VanEck Shakes Up ETF Market with New TruSector Launch
VanEck just dropped a bombshell on traditional finance—introducing TruSector ETFs that promise to cut through market noise with surgical precision.
Strategic Sector Targeting
These aren't your granddad's index funds. TruSector ETFs bypass broad market exposure to zero in on high-conviction themes—think AI infrastructure, energy transition, and digital infrastructure. No more dilution from underperformers dragging returns down.
Active Management Meets ETF Efficiency
VanEck’s team picks winners based on rigorous fundamental analysis while maintaining ETF liquidity and transparency. They’re betting their research edge outperforms algorithms chasing momentum.
Because what’s more revolutionary than paying lower fees for active returns? Unless you count Wall Street finally admitting passive investing had its limits—right before jumping on the next trend.

VanEck’s TruSector ETFs are designed to deliver full market-cap sector exposure and help asset allocators track sector benchmarks with greater precision by overcoming the allocation caps imposed on traditional sector funds.
VanEck is announcing the launch of two actively managed ETFs built to solve one of the most persistent issues in sector investing: the tracking error caused when Registered Investment Company (RIC) diversification rules force sector funds to underweight the largest companies in their benchmarks.
The VanEck Consumer Discretionary TruSector ETF (TRUD) and VanEck Technology TruSector ETF (TRUT) are designed to give investors full market-cap sector exposure, providing closer alignment with how the market itself defines each sector.
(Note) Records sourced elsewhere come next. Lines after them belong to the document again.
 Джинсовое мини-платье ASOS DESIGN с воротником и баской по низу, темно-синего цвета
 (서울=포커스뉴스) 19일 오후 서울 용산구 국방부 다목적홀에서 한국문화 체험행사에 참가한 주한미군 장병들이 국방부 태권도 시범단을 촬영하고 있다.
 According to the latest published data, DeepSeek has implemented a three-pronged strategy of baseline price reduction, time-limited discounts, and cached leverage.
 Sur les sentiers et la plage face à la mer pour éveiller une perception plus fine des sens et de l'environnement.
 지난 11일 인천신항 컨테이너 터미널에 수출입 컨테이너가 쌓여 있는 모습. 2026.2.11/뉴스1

RIC rules limit how much an ETF can invest in any single company—for example, funds cannot hold more than 25% in a single stock and stocks with a 5% weighting or more cannot make up more than 50% of the portfolio. In sectors dominated by a few large names, such as Technology where NVIDIA and Microsoft alone can make up over 40% of the sector, these limits require traditional sector funds to scale back exposure to the biggest companies. This distorts sector weightings and increases the potential for performance differences when compared with uncapped benchmarks.
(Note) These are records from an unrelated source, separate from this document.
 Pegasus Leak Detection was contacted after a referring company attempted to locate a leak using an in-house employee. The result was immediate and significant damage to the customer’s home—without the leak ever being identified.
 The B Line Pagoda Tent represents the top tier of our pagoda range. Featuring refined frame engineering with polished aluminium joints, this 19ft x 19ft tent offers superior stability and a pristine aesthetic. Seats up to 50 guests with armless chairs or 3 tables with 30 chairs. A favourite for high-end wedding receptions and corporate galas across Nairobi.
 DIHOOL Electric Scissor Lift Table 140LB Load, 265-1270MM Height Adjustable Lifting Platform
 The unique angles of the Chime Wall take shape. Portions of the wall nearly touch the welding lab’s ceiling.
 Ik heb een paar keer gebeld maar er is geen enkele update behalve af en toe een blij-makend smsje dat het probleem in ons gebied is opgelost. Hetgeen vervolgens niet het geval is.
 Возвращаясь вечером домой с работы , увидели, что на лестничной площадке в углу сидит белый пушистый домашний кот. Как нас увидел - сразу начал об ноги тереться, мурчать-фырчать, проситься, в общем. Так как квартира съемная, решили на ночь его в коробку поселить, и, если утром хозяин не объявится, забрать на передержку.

“Many investors assume that sector ETFs fully mirror the broad relative benchmarks, but RIC diversification rules often prevent that,” said Michael Cohick, Director of Product Management at VanEck. “Our new TruSector ETFs are designed to provide full sector exposure while staying within regulatory limits.”
VanEck’s TruSector ETFs offer uncapped sector exposure while maintaining compliance with RIC diversification rules by adopting a hybrid approach, holding a mix of individual equities and targeted ETFs. By doing so, the funds can maintain uncapped exposure to the sector’s leading contributors and avoid the overallocation to smaller names common in traditional sector ETFs. This results in cleaner attribution, lower tracking error to widely followed benchmarks and no unintended stock biases.
“By removing artificial caps and keeping sectors aligned with the market leaders, the TruSector ETFs provide asset allocators and model portfolio managers with precision tools for tracking sector benchmarks,” Mr. Cohick added. “They simplify the process of gaining true sector exposure in a single, liquid, tax-efficient ETF wrapper.”
The launch of the TruSector ETFs follows VanEck’s recent commemoration of its 70th anniversary earlier this month, marking another milestone in the firm’s long history of delivering intelligently designed solutions that address structural gaps in the investment landscape.